European Commission, DG CLIMA

We have conducted several studies for DG CLIMA relating to the European Union’s emissions trading system.   For example, we conducted a study looking at the impact of changes in trading activity on the price formation processes in the European carbon market, the access to the market for retail investors, which included also the access via exchange traded funds (ETFs), the hedging strategies of EU emissions trading system (ETS) compliance entities, and the role played by derivatives and financial entities in the EU ETS.

Danish Energy Regulator (Energistyrelsen)

We looked at how a benchmarking model used to help set price controls by the Energistyrelsen on DSOs might affect the Green Transition.  We looked at the challenges facing DSOs in the Green Transition and what behaviours should be incentivised.  We then looked at how the benchmarking model and wider regulatory framework might affect those incentives.  This included developing a number of worked examples to consider how the benchmarking model might affect incentives to invest in network expansion, faster connections or flexibility solutions. 

Zero Waste Scotland

Europe Economics was engaged by Zero Waste Scotland (ZWS) to estimate how potential efficiency savings in water and energy are likely to be distributed across firms of different sizes and ownership structures in Scotland. The aim was to inform ZWS policy of where to target resource saving initiatives; in particular whether potential savings were sufficiently concentrated among SMEs to warrant specific effort among these.

We was also engaged by ZWS to estimate the costs and benefits of proposed market restrictions on specific single-use plastic products in Scotland and to analyse the impacts of the restrictions on competition, consumers and Scottish firms.

Citizens Advice UK

We were commissioned by Citizens Advice UK to investigate the mechanisms that could be used to limit or share the financial risk for energy bill payers in the context of highly anticipatory energy infrastructure investments in GB.

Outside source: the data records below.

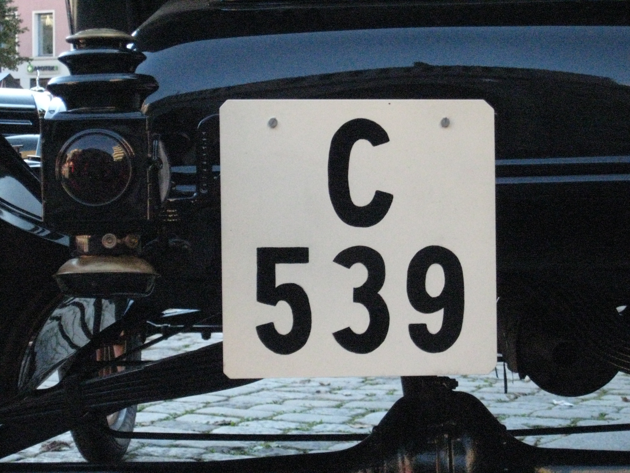 Automobile licence plate Norway 1913-1928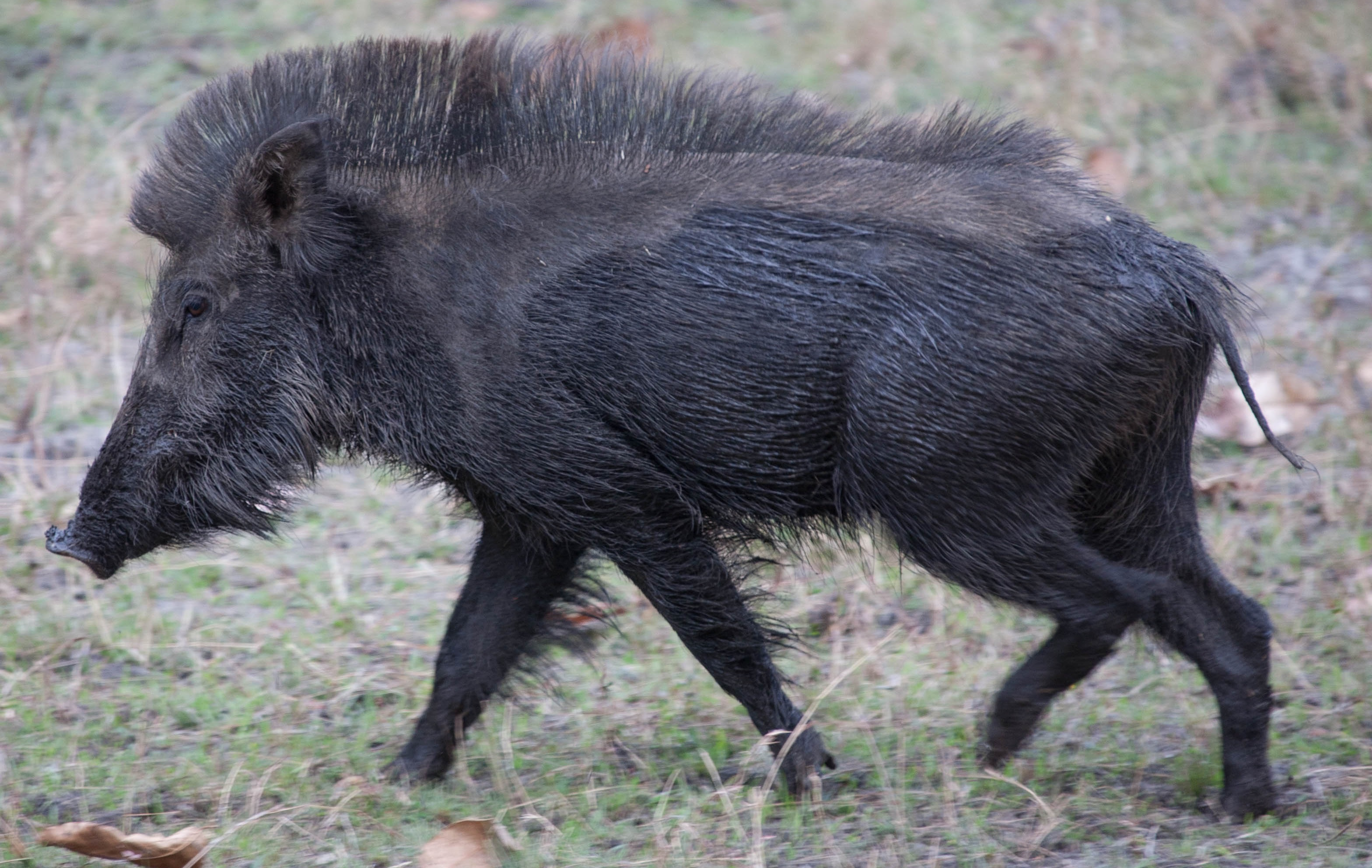 An Indian boar in Bandhavgarh National Park, India.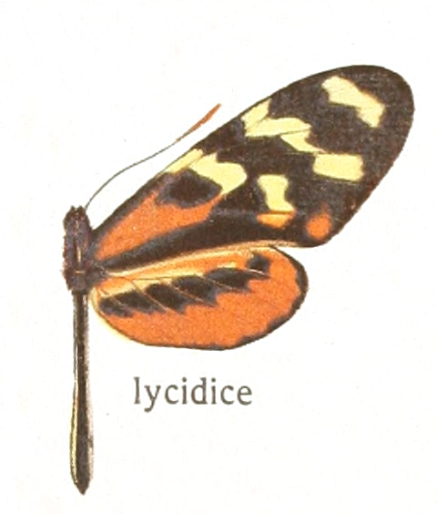 Mechanitis polymnia lycidice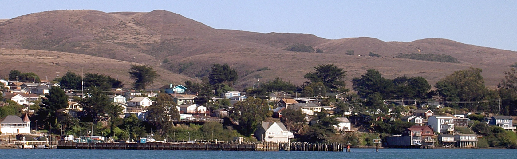 town of Bodega Bay as seen from Bay Flat Road north of Spud Point Marina, rotated and cropped using Adobe Photoshop Elements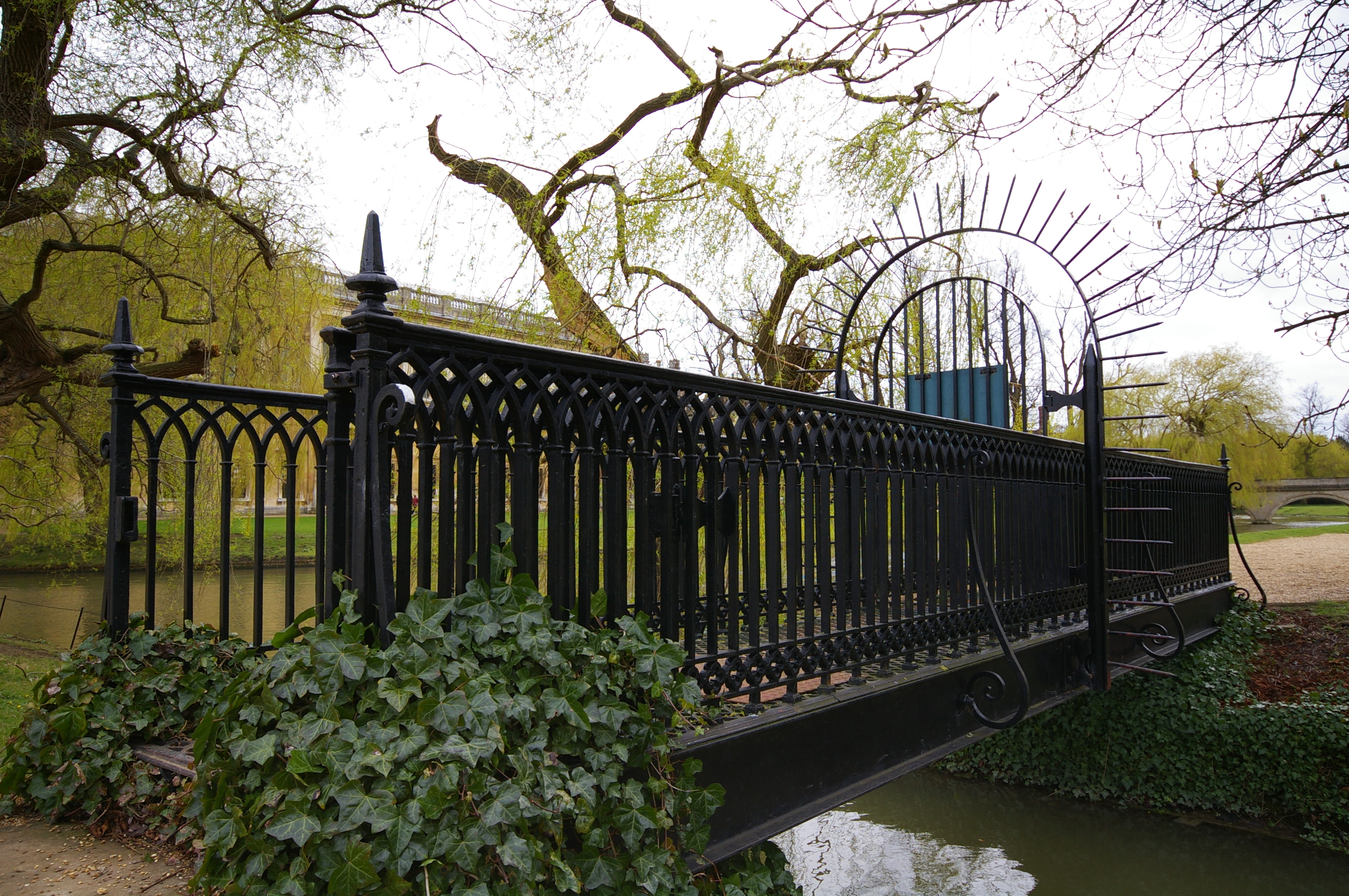 Bridge between John's and Trinity This bridge crosses the drain separating Trinity and St John's Colleges on the Backs. The gate usually seems to be locked.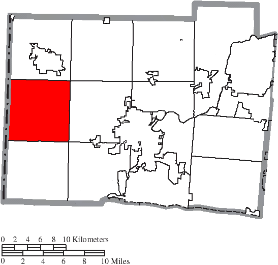 Map of the municipal and township boundaries of Butler County, Ohio, United States, as of the 2000 census, with the location of Reily Township highlighted. Township borders are shown only in unincorporated areas in order to differentiate incorporated and unincorporated areas more clearly.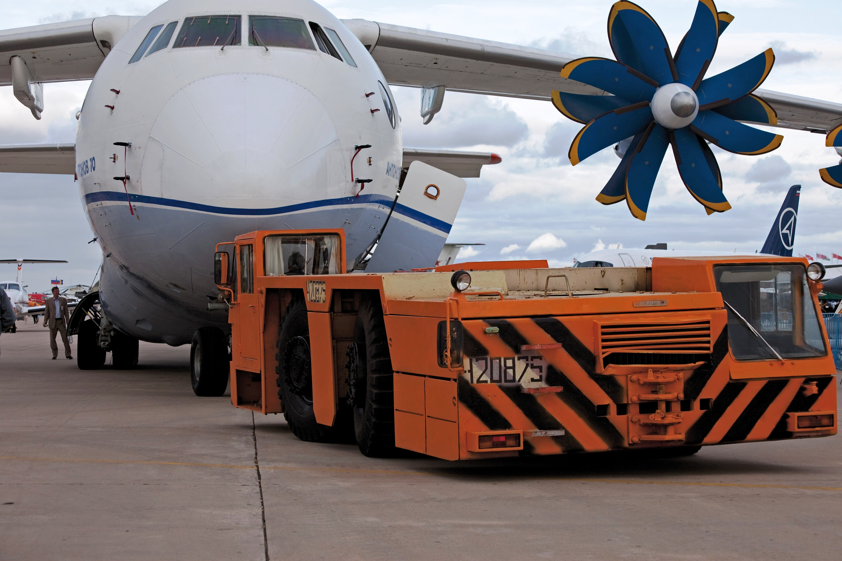 BelAZ Pushback tractor at MAKS Airshow 2009 in Russia.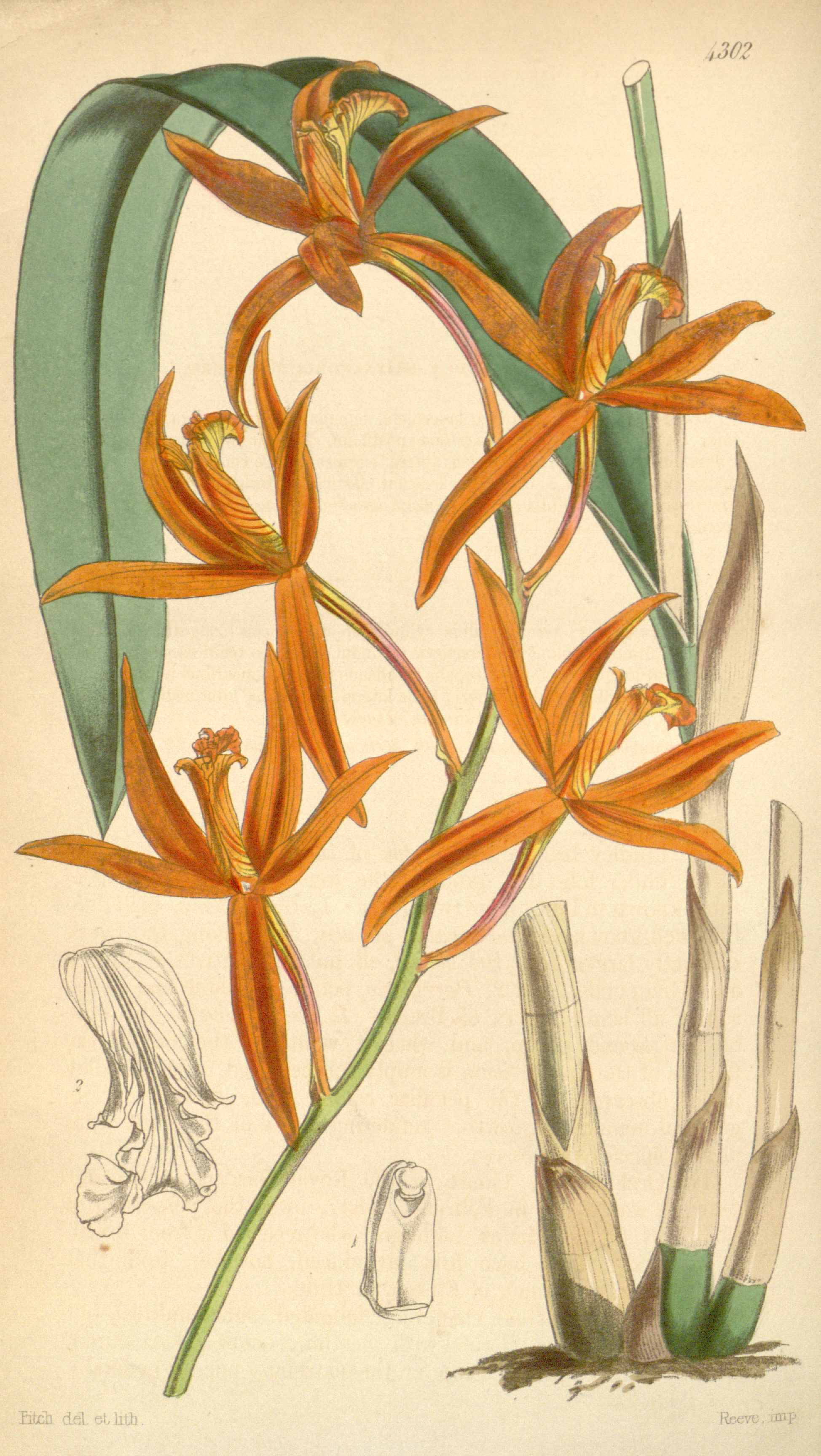 This is a plate from Curtis's Botanical Magazine, Volume 73.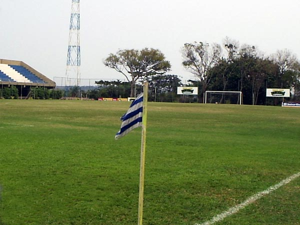 Estadio Juan Canuto Pettengill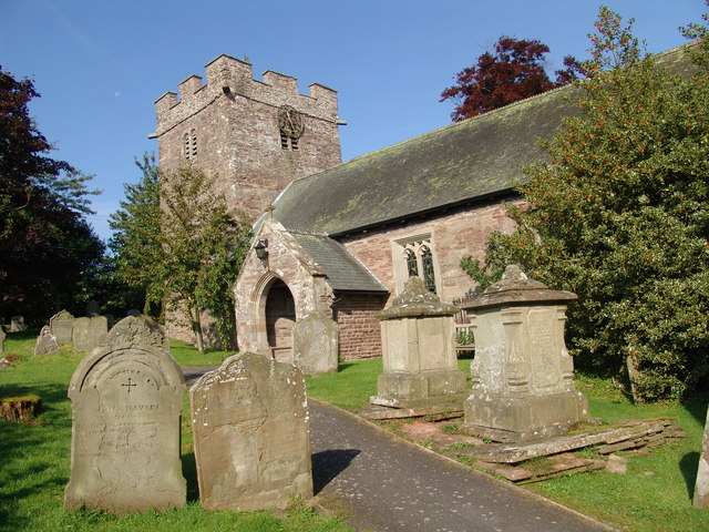 Church of England parish church of Saint Faith, Bacton

We developed a compendium of risk-allocation tools and, for each, we analysed: the suitability of the mechanism for different types of investments and projects; the extent (and the type) of risk allocated to consumers; the relative advantages and disadvantages of the tool; and how they affect the cost of capital. Each tool also included a case study of the tool being applied in practice.

Difference-in-difference

Relevant for measuring the impacts of changes in regimes/shocks. It uses observational study data of the same units across time and requires that the units (firms, individuals or countries) are divided into treatment and control groups. Difference-in-difference estimates the effect of an intervention by comparing the average change in the outcome variable experienced by the treated group over time to the average change in the outcome variable experienced by the control group.

Stated preference – survey method which is typically used to identify a person’s willingness to pay. Its key advantage is that it enables a monetary value to be placed on certain impacts of a policy or measure.